Time and again, it seemed, I left my desk in the Brisbane bureau of The Australian in Bowen Hills and set off into some corner of the country in search of resilience. I realise now that I have been obsessed with the stuff for most of my adult life. For 23 years, as a working journalist, I have been documenting Australians who simply refuse to succumb to whatever pervading darkness threatens to blacken their light.
These journalistic endeavours, I assure you, have transformed my life. They have shaped me as a father, a husband, a brother, a son and a man. I have no doubt this obsession is rooted in my need to make sense of the ways in which, through much of the 1980s and 1990s, I watched someone I love very much – my mum – overcome everything from drug addiction to imprisonment to domestic abuse drawing on nothing, from what I could observe, beyond a particularly Australian kind of in-built human resilience.

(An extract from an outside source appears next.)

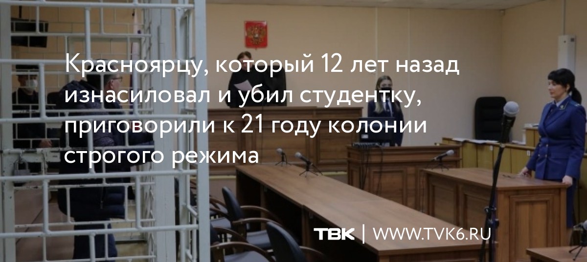 Красноярца, который 12 лет назад изнасиловал и убил студентку, приговорили к 21 году колонии строгого режима

We are a nation of scrappers. We have been blessed with enormous resources of coal, gold, iron ore, nickel and pluck. Emotional minerals. True grit. Real salts. We have the mongrel underdog in us. For Australia is an underdog story. Australia is a resilience story. It is a 60,000-year-old story of a First Nations people who adapted and thrived in a 7.7 million square kilometre frying pan dotted with eucalypts. It is the story of a fleet of British thieves and hustlers and ne’er-do-wells sent to a saltwater prison in an unknown south, in quite possibly the most audacious, obnoxious and pitiless social relocation experiment in human history. Who could possibly imagine a place more bitterly and cynically formed in the gutter and at once so giddily and profoundly intent on looking up at the stars? Modern Australia is a 250-year-old multicultural story of ordinary men and women turning nothing into something. Towns from tents. Cities from dirt. Hope from despair. Light from dark.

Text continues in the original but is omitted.